YOUR GOAL: Everything in the records below goes into the copy exactly, except the pictures.

BEGIN DATA TO USE

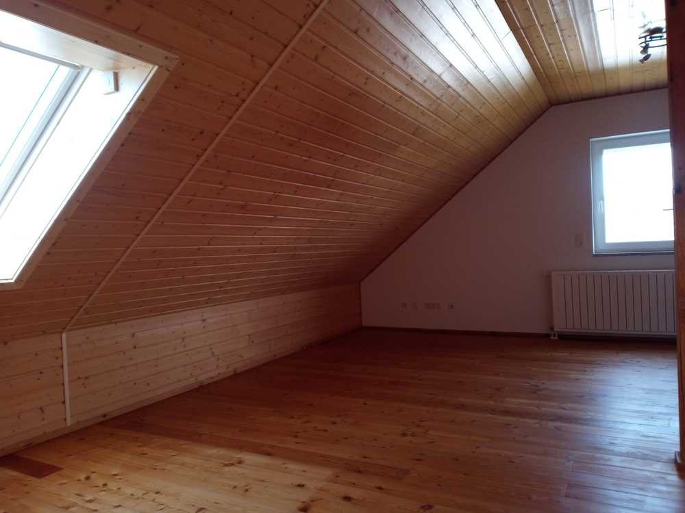 Das freistehende Haus besteht aus insgesamt zwei Wohneinheiten. Die hier angebotene neu renovierte Maisonette-Wohnung liegt im 1. Stock und im Dachgeschoss. Sie ist wie folgt aufgeteilt: Im 1. Stock befinden sich Badezimmer mit zwei Waschbecken und bodengleicher Dusche, ein kombinierter Wohn-, Koch- und Essbereich mit Zugang zum überdachten Ostbalkon (7m²), ein Abstellraum, ein Einbauschrank und eine Diele mit Holztreppe zum Dachgeschoss. Im holzvertäfelten Dachgeschoss gibt es ein Badezimmer (mit Waschbecken, WC-Anlage, Waschmaschinen- sowie Wäschetrockner-Stellplatz) und ein großräumiges Schlafzimmer mit Wandteiler, so dass bspw. ein separater Arbeitsbereich eingerichtet werden könnte. Beide Badezimmer haben Tageslichtfenster.
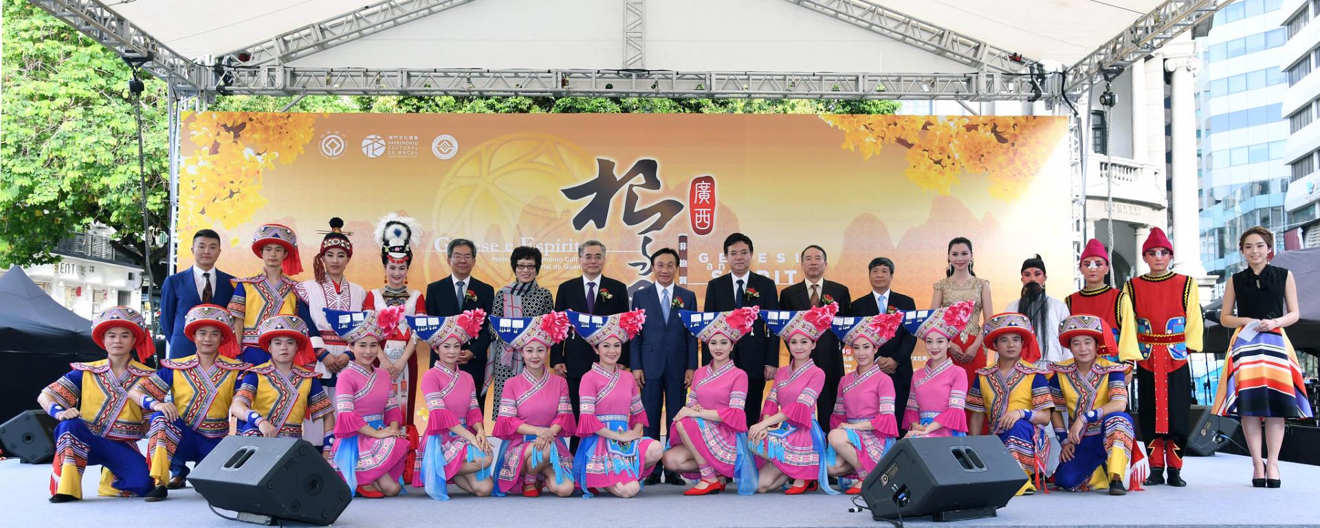 化遺產保護領域的合作和交流,並讓澳門市民更好地認識祖國深厚的文化底蘊及豐富的非物質文化遺產,由國家文化部與澳門特別行政區政府社會文化司主辦、澳門特別行政區政府文化局與廣西壯族自治區文化廳承辦的《根與魂─廣西非物質文化遺產展演》,於六月八日(星期四)下午五時在議事亭前地舉行盛大的開幕式。澳門特別行政區政府社會文化司司長譚俊榮、國家文化部副部長項兆倫、中央人民政府駐澳門特別行政區聯絡辦公室副主任薛曉峰、外交部駐澳門特別行政區特派員公署副特派員王冬、國家文化部港澳台辦公室副主任李健鋼、澳門特別行政區政府文化局局長梁曉鳴及廣西壯族自治區文化廳副廳長朱創偉出席主禮。 廣西壯族自治區風光旖旎、民族風情濃郁,其深厚的歷史底蘊和絢麗的民族傳統文化孕育出豐富的非物質文化遺產。廣西現有人類非物質文化遺產代表作一項,國家級非遺代表性項目五十項,自治區級非遺代表性項目五百八十三項。是次系列活動將為本澳市民展示具地方特色的傳統工藝,包括繡球、蠟染、六堡茶、馬尾繡等製作工藝,並透過精彩的舞台演出向觀眾展現桂劇、馬骨胡藝術、壯族歌圩習俗等多項廣西的非遺項目,機會難逢。
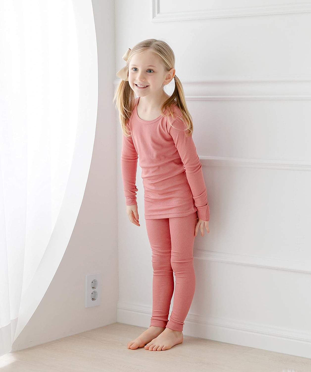 • COMFORTABLE FABRIC - This stylish pj set is a perfect blend of multi-functional style and comfort ribbed knit. Viscose rayon is like a smooth material similar to silk breathable, similar to cotton in this regard. Enough to help protect child's delicate skin. That's why pajama set is Easy to dye, light weight, and natural material. It will give perfect fit.
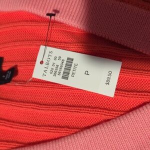 Brighten your wardrobe with this vibrant orange and pink cardigan sweater. Perfect for layering, this stylish piece adds a pop of color to any outfit. Tank is a Small petite and sweater a petite
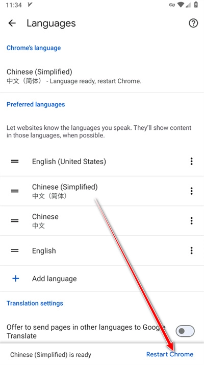 4.点击Chrome's Language下方的English
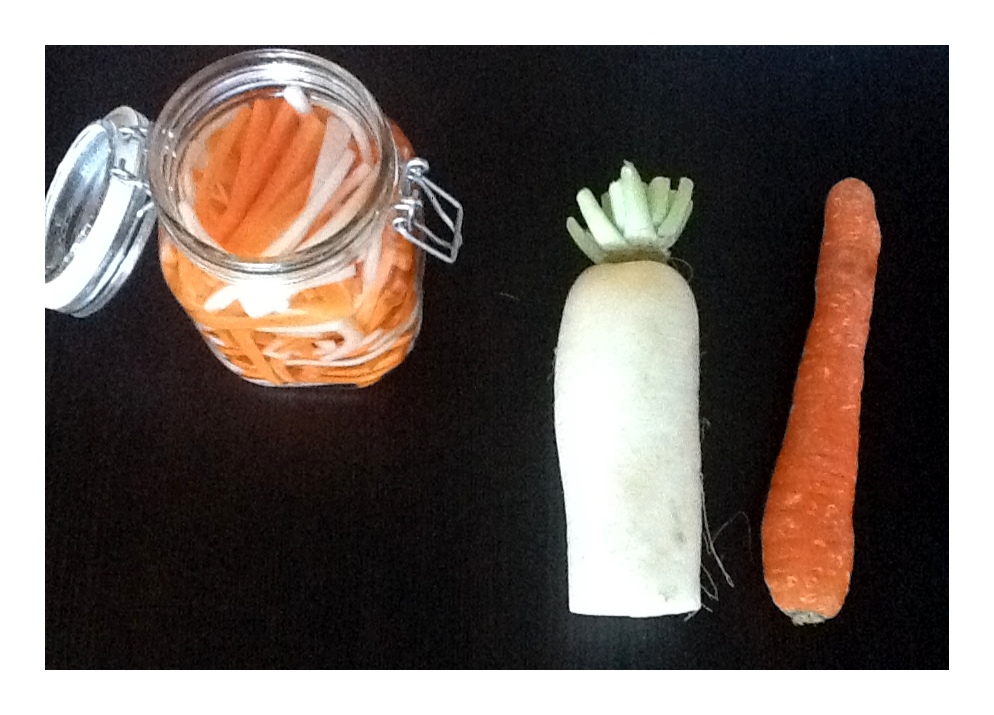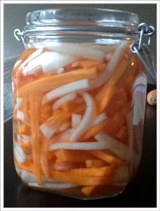 Aujourd’hui nous partons en Asie et plus précisément au Vietnam pour une recette de condiments aigre-doux tirée du livre d’Andrea Nguyen « Into the Vietnamese Kitchen ». Ce genre de condiments est très couramment utilisé dans la cuisine asiatique et personnellement je les adore. Ils peuvent être servi avec beaucoup de plats comme les salades, la viande, à côté d’une soupe, dans des sandwichs…Je les aime aussi nature quand j’ai un petit creux car ils sont croquants, doux et aigre à la fois. Vous pourrez d’ailleurs ajuster le niveau acidité selon votre goût en ajoutant plus ou moins de sucre.
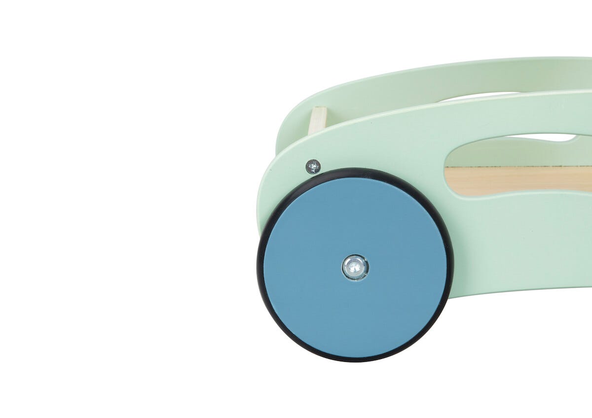 • Gåvagn i trä utan broms – motiverar småbarn till att träna på stegen.
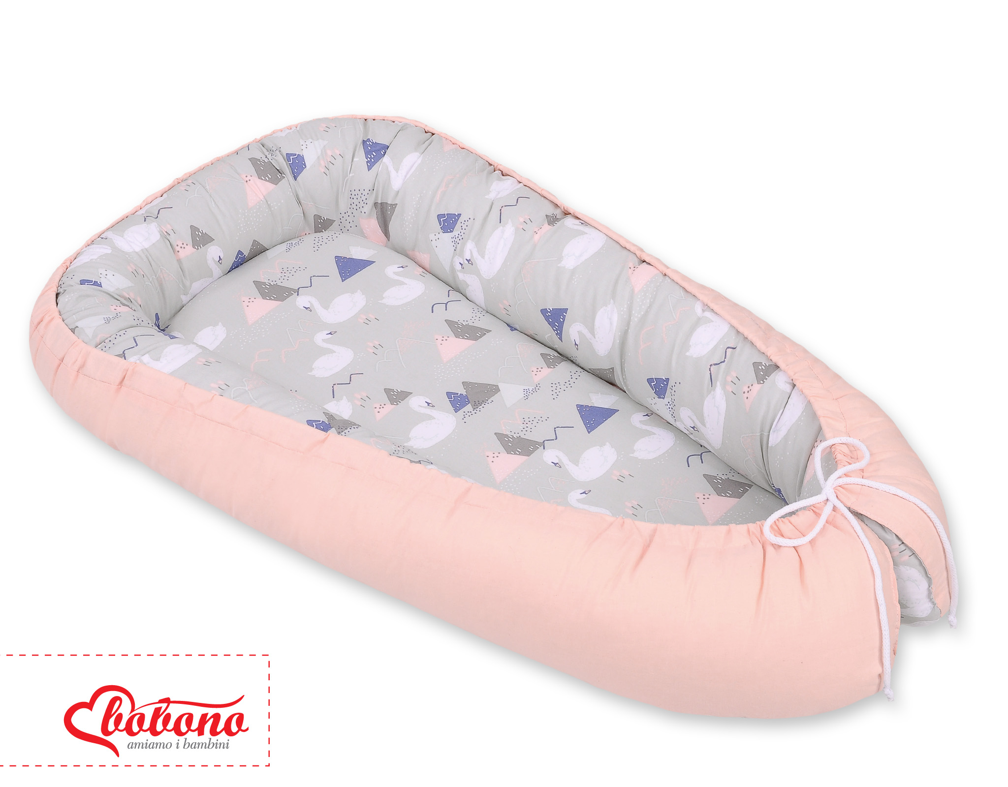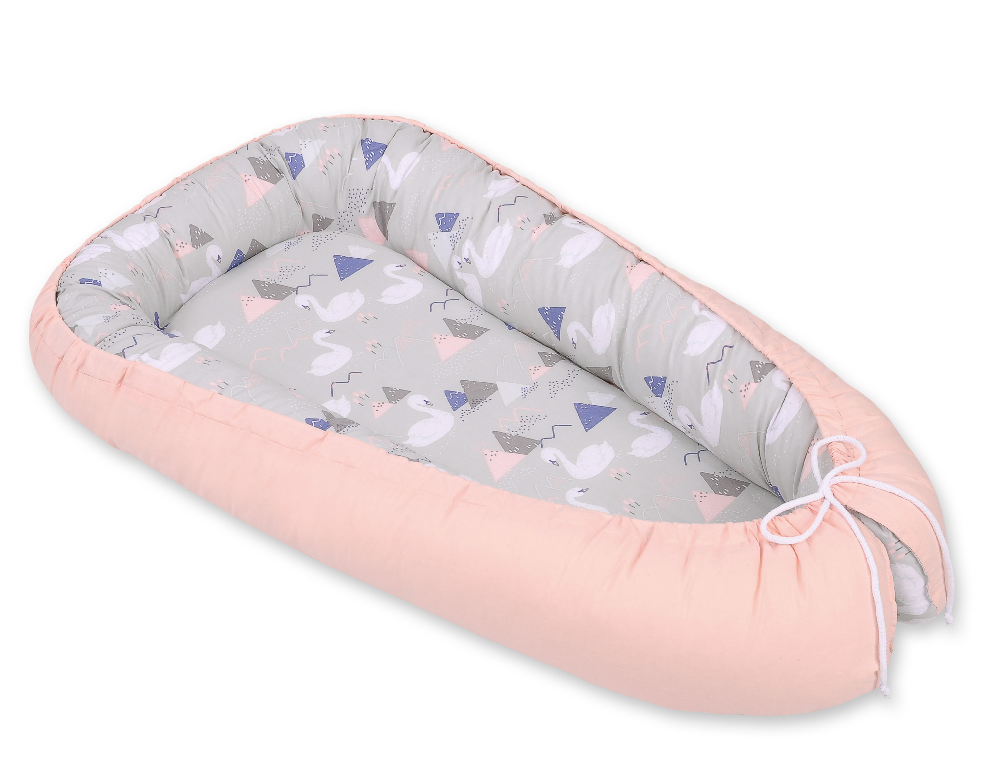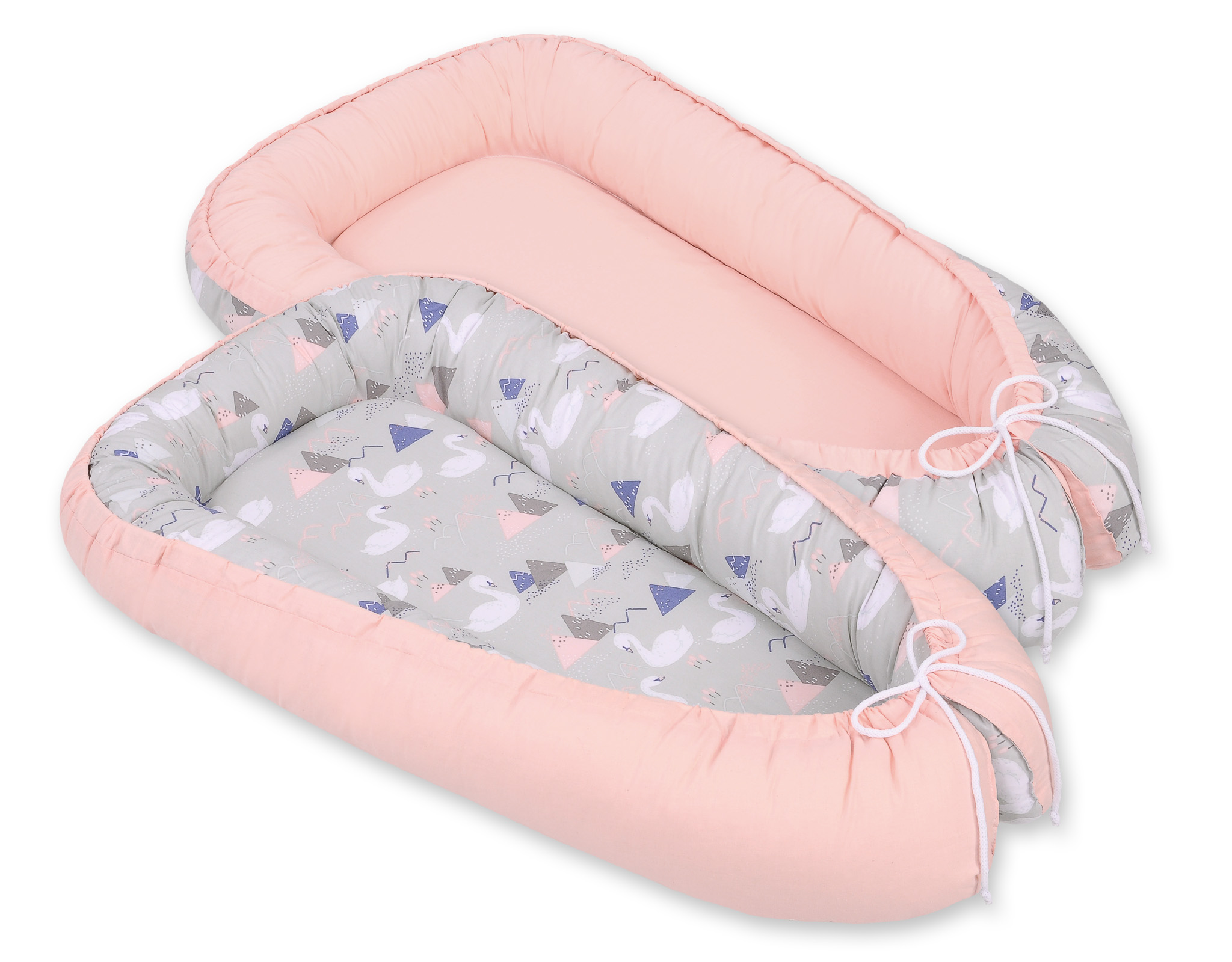 Es ist eine gute Lösung für die ersten Lebensmonate. Die Nestchen werden schon in vielen Europaländer benutzt und geschätzt. Ein solches Netschen ist vor allem ein sehr gutes Schlafplatz für ein Neugeborenes. Es ist kleiner und kuscheliger als ein Bettchen, das Kind füllt sich dadrin geborgen wie im Mutterbauch. Das Neschen hat zum Ziel den Platz zu verringern, so dass das Kind Stufenweise aus der Embrioposition in die gestreckte Position übergehen kann. Wenn das Neugeborene gleich in einem Bettchen schläft, kann es sich wegen zu viel Platz unwohl fühlen. Durch die hohen, weichen Ränder bietet das Nestchen genügend Schutz, dämpft die Geräusche und bietet somit dem Baby einen gesunden Schlaf.

END DATA TO USE

ANSWER BOX:
 Das freistehende Haus besteht aus insgesamt zwei Wohneinheiten. Die hier angebotene neu renovierte Maisonette-Wohnung liegt im 1. Stock und im Dachgeschoss. Sie ist wie folgt aufgeteilt: Im 1. Stock befinden sich Badezimmer mit zwei Waschbecken und bodengleicher Dusche, ein kombinierter Wohn-, Koch- und Essbereich mit Zugang zum überdachten Ostbalkon (7m²), ein Abstellraum, ein Einbauschrank und eine Diele mit Holztreppe zum Dachgeschoss. Im holzvertäfelten Dachgeschoss gibt es ein Badezimmer (mit Waschbecken, WC-Anlage, Waschmaschinen- sowie Wäschetrockner-Stellplatz) und ein großräumiges Schlafzimmer mit Wandteiler, so dass bspw. ein separater Arbeitsbereich eingerichtet werden könnte. Beide Badezimmer haben Tageslichtfenster.
 化遺產保護領域的合作和交流,並讓澳門市民更好地認識祖國深厚的文化底蘊及豐富的非物質文化遺產,由國家文化部與澳門特別行政區政府社會文化司主辦、澳門特別行政區政府文化局與廣西壯族自治區文化廳承辦的《根與魂─廣西非物質文化遺產展演》,於六月八日(星期四)下午五時在議事亭前地舉行盛大的開幕式。澳門特別行政區政府社會文化司司長譚俊榮、國家文化部副部長項兆倫、中央人民政府駐澳門特別行政區聯絡辦公室副主任薛曉峰、外交部駐澳門特別行政區特派員公署副特派員王冬、國家文化部港澳台辦公室副主任李健鋼、澳門特別行政區政府文化局局長梁曉鳴及廣西壯族自治區文化廳副廳長朱創偉出席主禮。 廣西壯族自治區風光旖旎、民族風情濃郁,其深厚的歷史底蘊和絢麗的民族傳統文化孕育出豐富的非物質文化遺產。廣西現有人類非物質文化遺產代表作一項,國家級非遺代表性項目五十項,自治區級非遺代表性項目五百八十三項。是次系列活動將為本澳市民展示具地方特色的傳統工藝,包括繡球、蠟染、六堡茶、馬尾繡等製作工藝,並透過精彩的舞台演出向觀眾展現桂劇、馬骨胡藝術、壯族歌圩習俗等多項廣西的非遺項目,機會難逢。
 • COMFORTABLE FABRIC - This stylish pj set is a perfect blend of multi-functional style and comfort ribbed knit. Viscose rayon is like a smooth material similar to silk breathable, similar to cotton in this regard. Enough to help protect child's delicate skin. That's why pajama set is Easy to dye, light weight, and natural material. It will give perfect fit.
 Brighten your wardrobe with this vibrant orange and pink cardigan sweater. Perfect for layering, this stylish piece adds a pop of color to any outfit. Tank is a Small petite and sweater a petite
 4.点击Chrome's Language下方的English
 Aujourd’hui nous partons en Asie et plus précisément au Vietnam pour une recette de condiments aigre-doux tirée du livre d’Andrea Nguyen « Into the Vietnamese Kitchen ». Ce genre de condiments est très couramment utilisé dans la cuisine asiatique et personnellement je les adore. Ils peuvent être servi avec beaucoup de plats comme les salades, la viande, à côté d’une soupe, dans des sandwichs…Je les aime aussi nature quand j’ai un petit creux car ils sont croquants, doux et aigre à la fois. Vous pourrez d’ailleurs ajuster le niveau acidité selon votre goût en ajoutant plus ou moins de sucre.
 • Gåvagn i trä utan broms – motiverar småbarn till att träna på stegen.
 Es ist eine gute Lösung für die ersten Lebensmonate. Die Nestchen werden schon in vielen Europaländer benutzt und geschätzt. Ein solches Netschen ist vor allem ein sehr gutes Schlafplatz für ein Neugeborenes. Es ist kleiner und kuscheliger als ein Bettchen, das Kind füllt sich dadrin geborgen wie im Mutterbauch. Das Neschen hat zum Ziel den Platz zu verringern, so dass das Kind Stufenweise aus der Embrioposition in die gestreckte Position übergehen kann. Wenn das Neugeborene gleich in einem Bettchen schläft, kann es sich wegen zu viel Platz unwohl fühlen. Durch die hohen, weichen Ränder bietet das Nestchen genügend Schutz, dämpft die Geräusche und bietet somit dem Baby einen gesunden Schlaf.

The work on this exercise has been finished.